Was Aesop a Nubian Kummaji (Folkteller)?
Richard A. Lobban Jr.
Rhode Island College, Providence

Who Was Aesop?

The life of Aesop may be sketched in general, but important parts of his biography are missing and his precise identity remains to be determined. All agree that this sixth-century BCE storyteller was of captured slave origins and that he was sold to a merchant of the island of Samos, a man perhaps originally from Phrygia in Asia Minor. According to his editor, Robert Temple, Aesop was a native of Mesembria in mainland Thrace, but Aristotle, an avid collector and lover of Aesop's entertaining, peasant-like tales, says in his Constitution of Samos that Aesop lived much of his life in Samos.1 Aesop's tales were widely valued for their folkloric wisdom and oracular applicability. Although it is clear that the dispersal of Aesop's literary tradition originated in Greece, all scholars agree that Aesop was not a slave by birth (doulos) but an andrapodon, or slave by virtue of foreign capture. Because of this status he was liable to further exile and sale. While precise confirmation that Aesop was a Nubian is lacking, a convincing case for this can be made on the basis of circumstantial evidence about his life and a content analysis of his literary legacy.
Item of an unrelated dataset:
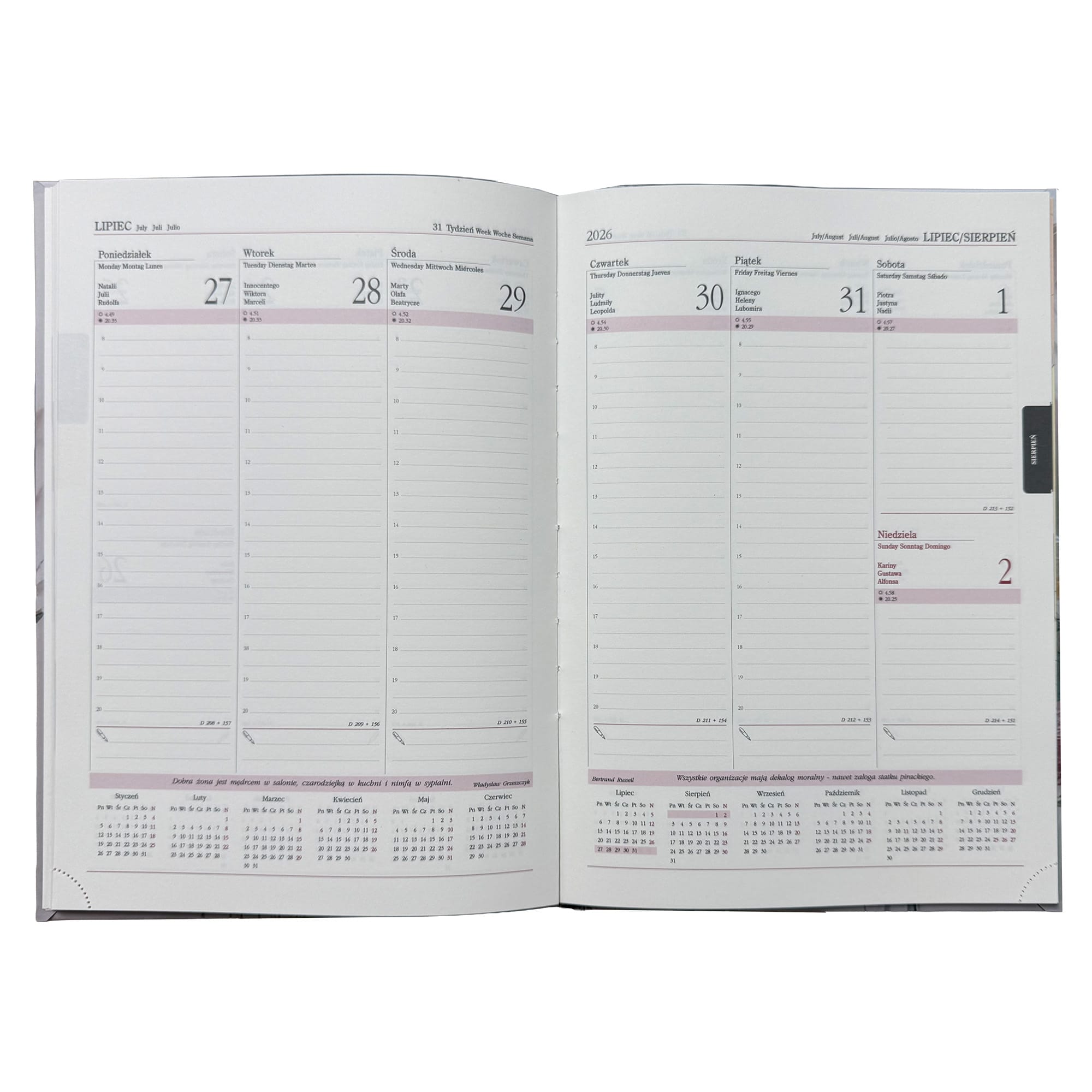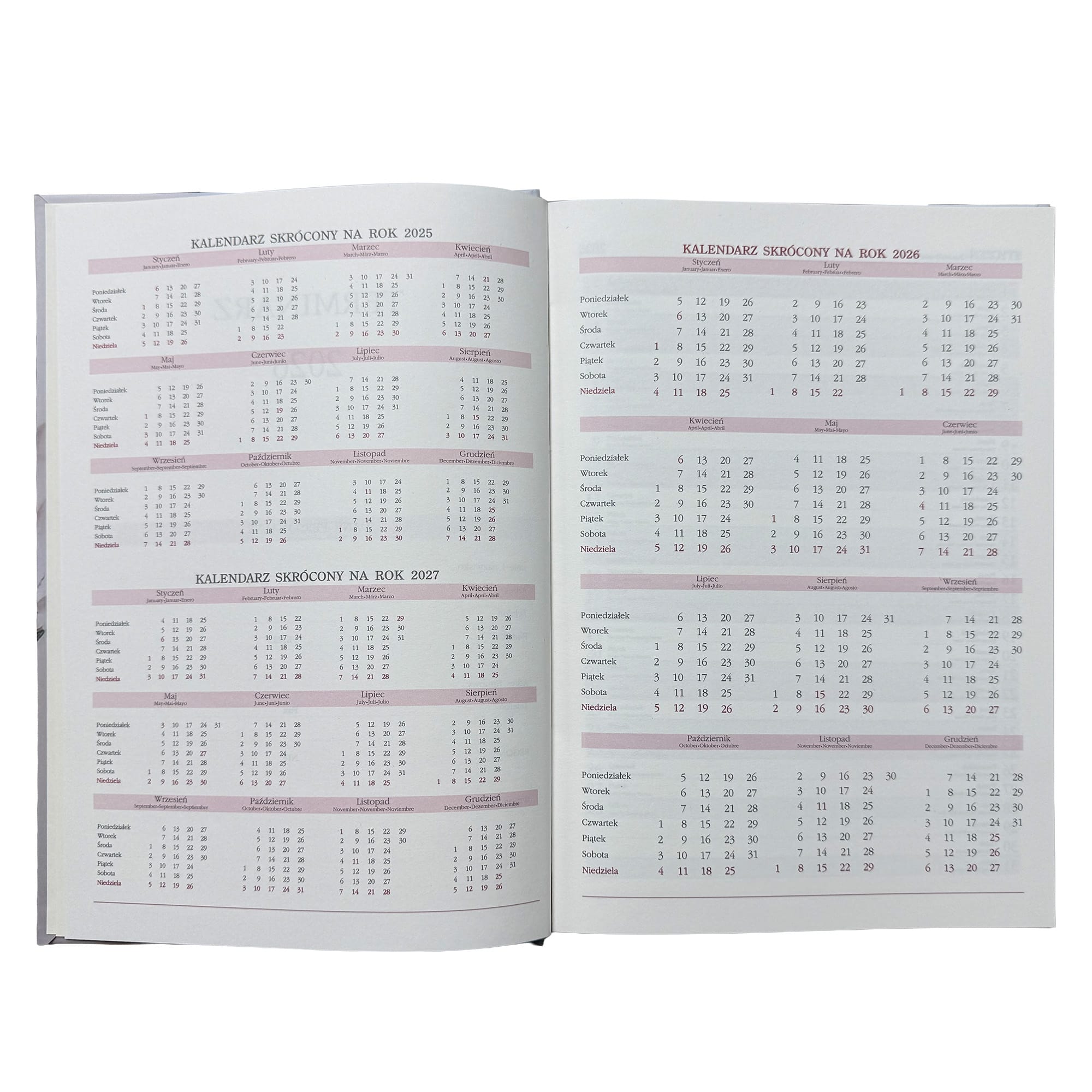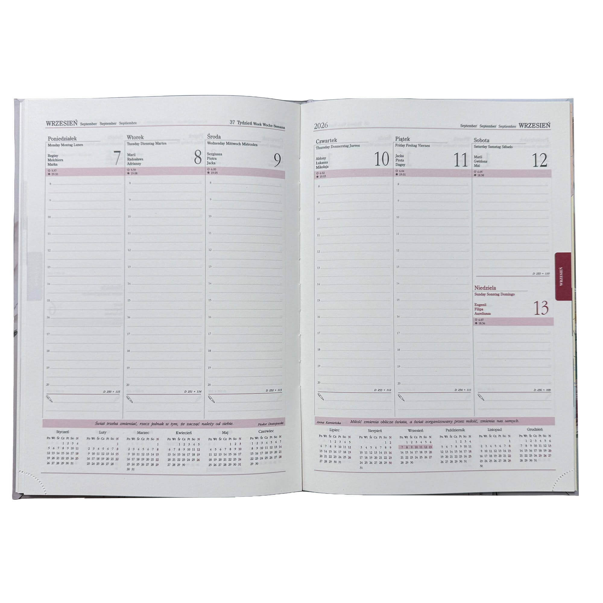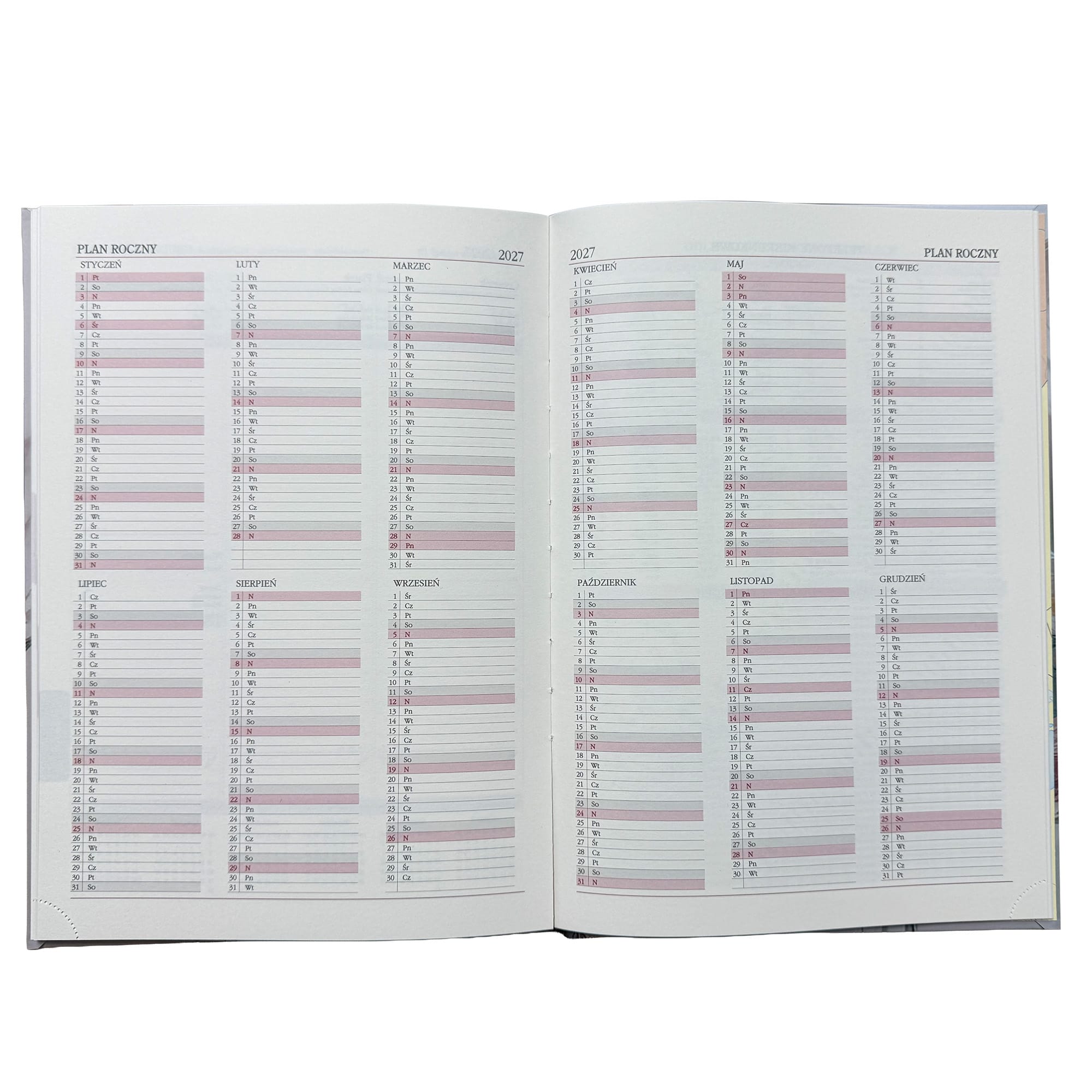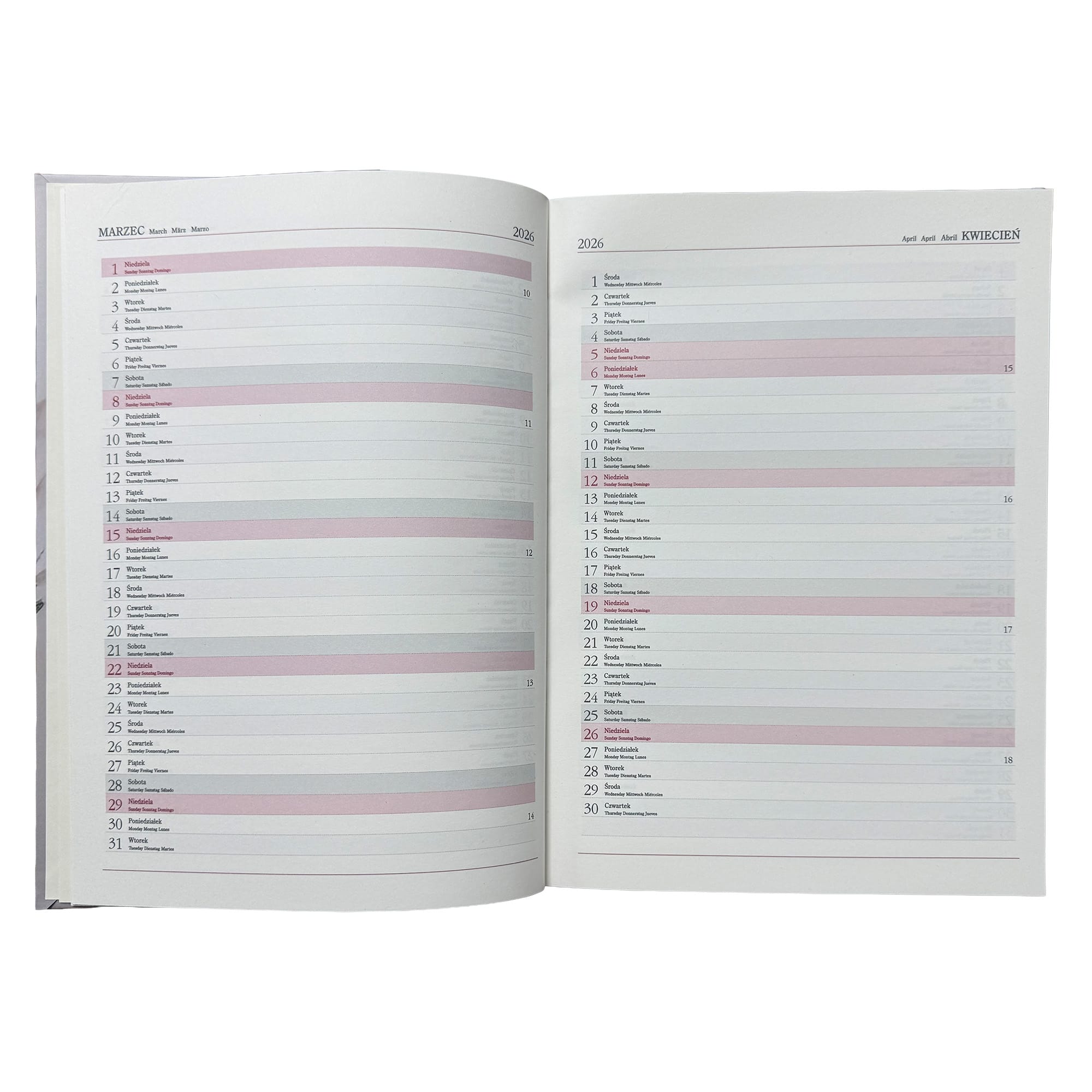 - kalendarz formatu A4, układ tygodniowy, okładka aksamitna soft touch, papier chamois

According to Frank Snowden, it was not uncommon for Greeks in the Persian or Ptolemaic periods (sixth to first centuries BCE) to have "Ethiopian," meaning African, slaves; it was common for such slaves to serve as acrobats, entertainers, dancers, mimes, and personal attendants.2 Roughly contemporary were the Assyrian-backed satrap kings of Twenty-sixth Dynasty Egypt, Necho II (610–595 BCE) and Psammetichos II [End Page 11] (595–589), who clashed militarily with the Nubians, erstwhile masters of Egypt under the preceding dynasty. These campaigns may well have resulted in the enslavement of prisoners of war. The Nile Valley and Rea Sea slave trade was common in these centuries, as well as long before and long afterward. Roger Green refers to Aesop in his version of the tale "The Girl with the Rose-Red Slippers," set during the reign of King Amasis, from 570 to 526 BCE.3 Aesop was also reported to have traveled to Egypt during the reign of Nectanebo (Thirtieth Dynasty) but this would have been in the fourth century BCE, so obviously this report is not correct. Others say that he lived during the time of Licurus of Babylon. Aesop was killed by the people of Delphi in about 564 BCE in an extrajudicial execution. This was about two centuries before the Greeks actually came to rule Egypt under Alexander in 331 BCE.

What Was Aesop's Origin?

Aesop's name helps define his status, for it appears to be a corruption of Aethiop or "burnt-faced people," that is, Nubians. Like other "Ethiopians" he would have been considered melas or dark colored. This linguistic evidence suggests that he may well have been of Nubian origin and was subsequently traded to Samos. Ancient writers said that Aesop was "ugly" and "grotesque" with his "flat nose" and "misshapen head." Such terminology would be consistent with European impressions of someone of non-European, conceivably Nubian, origins. Aesop was also reported to be a "stutterer," which could easily refer to an alien accent; many classical texts in fact called the Nubians by the pejorative terms "Berber" or "Barabra," because of their "unknown stuttering." 4

Aesop's foreign origin was also apparent in the fact that many of the animals he incorporated, such as elephants, camels, lions, crocodiles, scarabs, jackals, monkeys, apes, scorpions, poisonous asps, and huge snakes, were exogenous to Greece. But while such animals did not physically exist in Greece at the time, they were very common in Nubia. To be sure, other animals often mentioned by Aesop, including crows, frogs, kites, horses, dogs, bees, flies, ants, pigeons, mice, storks, rabbits, sheep, and goats, were widely found in Greece as well as in Egypt or Nubia...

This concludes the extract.